The interbreeding ‘threatens the genetic identity’ of wolves, writes Harry Cockburn for the Independent.

Study reveals disagreements between scientists

In the journal Frontiers in Ecology and Evolution Donfrancesco writes: ‘We need to address this issue before wolf-dog hybrids backcross with wolves to the extent that wolf populations will be lost to hybrid swarms, and the conservation of wild populations will become unfeasible.’

The study scrutinised the approach of numerous scientists and concluded that disparate opinions endangered any forthright restorative action. The lack of agreement among those ‘best placed to tackle the problem‘ was cited as a hindrance to proper manangement of the growing numbers of wolf-dogs.

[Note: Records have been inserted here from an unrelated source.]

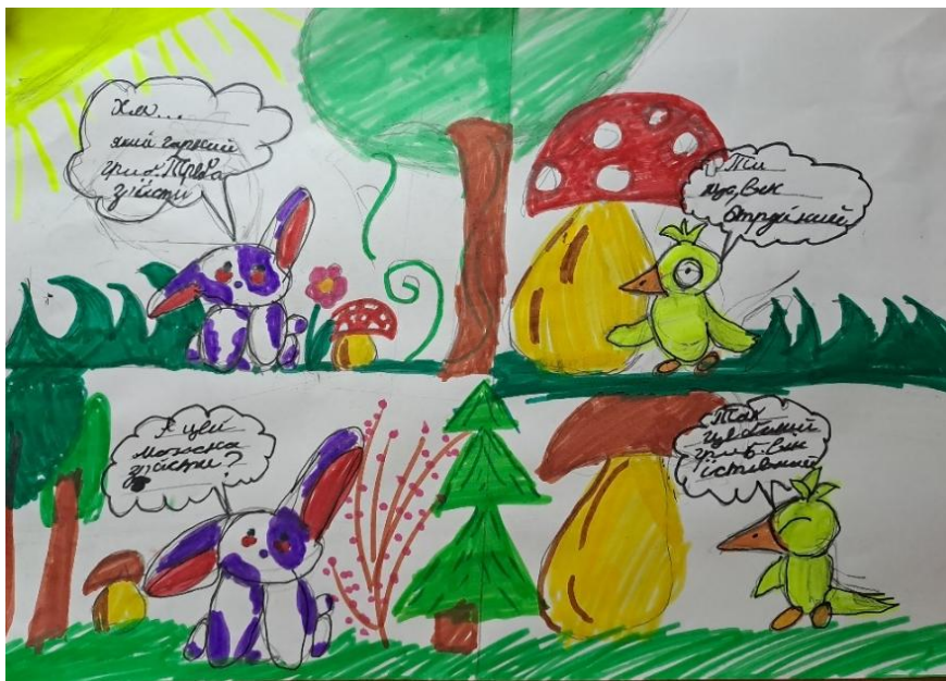
Рисунок 7. Робота учениці 1-го класу за темою «Їстівні та отруйні гриби»

Відзначимо, що виконуючи попередні – підготовчі – вправи (№№ 1–5), учні познайомились із поняттям «екологічний комікс», складовими частинами та навчились доповнювати його власним текстом та ілюстраціями. Тож на останньому етапі здобувачам початкової освіти було запропоновано самостійно створити екологічний комікс-проект «Мій екокомікс» у межах 2-х уроків. Так, на першому уроці першокласники отримали одну з двох тем за вибором: «Як доглядати за рослинами?» і «Їстівні та отруйні гриби»; та створювали комікси самостійно або в мікрогрупах (за потреби). Над створенням своїх проєктів учні працювали на папері (рис. 7).
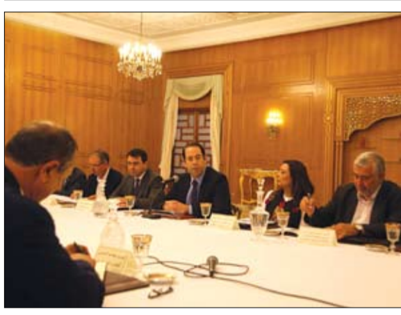
الشاهد يريد دعما أكبر من احزاب الوفيقة

• الرياض - وكالات: بوحد الهدف الذي قامت من أجله عاصفة الحزم وإعادة الأمل للحائلف العربي بهدف إنهاء الانقلاب واستعادة الدولة وسيطرتها على كافة التراب اليمني. وتفصيلا، رفضت الحكومة اليمنية أمس الجمعة إقدام شخصيات قبلية وعسكرية وسياسية بارزة على تشكيل مجلس جديد يسعى لانفصال جنوب اليمن قائلة ان هذه خطوة من شأنها تعميق الانقسامات وخدمة مصالح الحوثيين المدعومين من إيران. وكان عيروس الزبيدي محافظ عدن السابق قد أعلن أن المجلس الجديد سيشكل قيادة سياسية جنوبية عليا تسمى هيئة رئاسة المجلس الانتقالي الجنوبي تحت رئاسته تكون مهمتها إدارة الجنوب وتمثيلية.
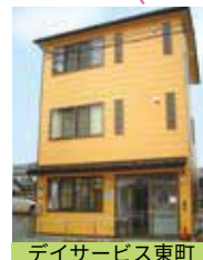
デイサービス東町
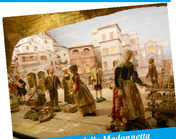
Il presepe delle Madonnetta

Sulle alture di Genova, a Pentema, una piccolissima frazione di Torriglia, non c'è un semplice presepe da guardare, ma un'atmosfera da vivere e in cui immergersi! La natività è
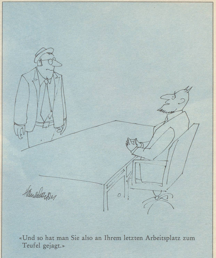
«Und so hat man Sie also an Ihrem letzten Arbeitsplatz zum Teufel gejagt.»

«Was ist denn, Papa? Trinkst die Mama nicht auch ein Glas?»
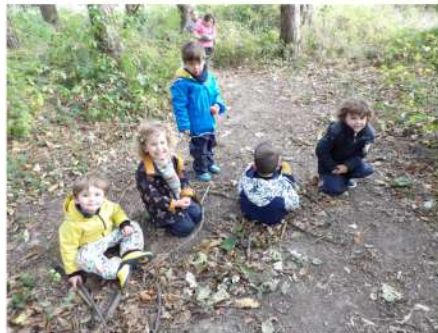
Ecouter la nature
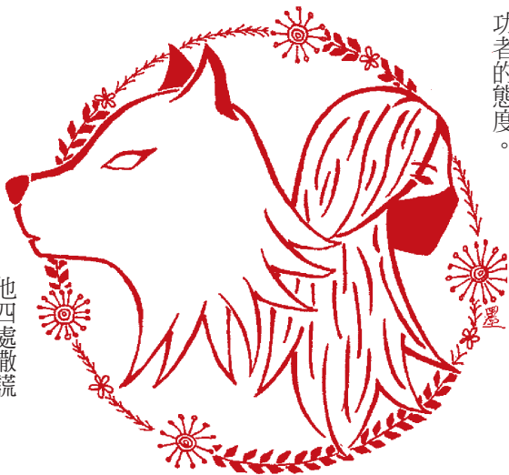
繪圖 / 國三8 郭小瑀

長井鞠子是日本口譯界的第一把交椅，她說：「努力和準備，不會背叛你。」投入職場半個世紀，手寫的筆記從不離身，戒慎的心情不會鬆懈，站在百尺竿頭上，要求自己更進一步；同樣不可或缺的要素——執忱，長井鞠子在書中反覆提到，比起僑民擁有語言的優勢，「有沒有想傳達的熱忱」更為重要，因為口譯最終的目的，是能夠設身處地，並且打動對方的心。我想，不論是何種職業，都必須投入全心全意，並將事情做好做滿，這就是成功者的態度。
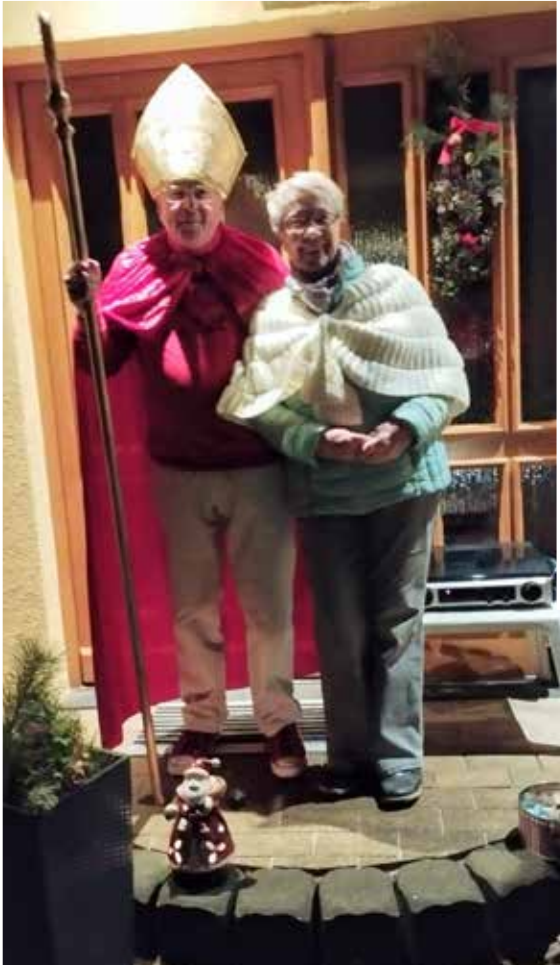
2024-12-06 - Nikolaus
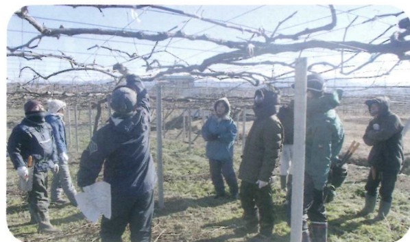
ブドウ剪定講習会

穂坂、大草、新府地区といった韮崎市内の果樹産地では、農家減少による産地衰退を食い止めるため、それぞれ、特徴的な担い手確保対策に取り組んでいます。
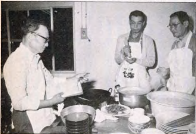
「あと30秒煮ること...か」真剣な目でメモや時計とにらめっこ
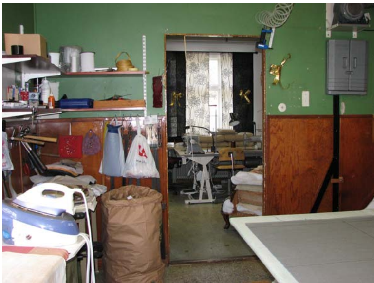
Expeditionsrummet in mot bagage/resgodsrummet.

Interiören i väntsalen, expeditionen och bagagerummet bär ännu tydliga spår av en modernisering på 1940-50-talet. Troligen är den utförd av SJ någon gång efter övertagandet av banan 1940. De flesta gamla profilerade foder, golvssocklar och en del spegeldörrar har då ersatts av nya släta. På väggarna har enkla släta bröstningspaneler av fernissat trä monterats. I lägenheten är mer av husets äldre karaktär bevarad med flera spegeldörrar och profilerade listverk. En mindre del av den ursprungliga byggnadskroppens norra fasad är inbyggd och synlig på vinden.

A rescue bid is also hampered by a lack of research of wolf-dog hybrids. ‘The fact that we know so little about the ecology, behaviour and social acceptance of the wolf-dog hybrids adds a layer of concern to the issue,’ Mr Donfrancesco told the Independent.

Should the number of wolf-dog hybrids continue to rise, the long-term survival and evolution of the lupine species are threatened.

Despite the research it seems inevitable that in some parts of northern Europe wolf populations will cease to be, due to the steady encroachment of humans into wilderness and the vast numbers of domestic dogs that accompany human habitations.

Co-author Dr Nibedita Mukherjee, from the University of Exeter, said: ‘We hope that by highlighting areas of disagreement and why they occur, we will be able to build a more unified scientific opinion, and aid an effective management of this urgent issue.’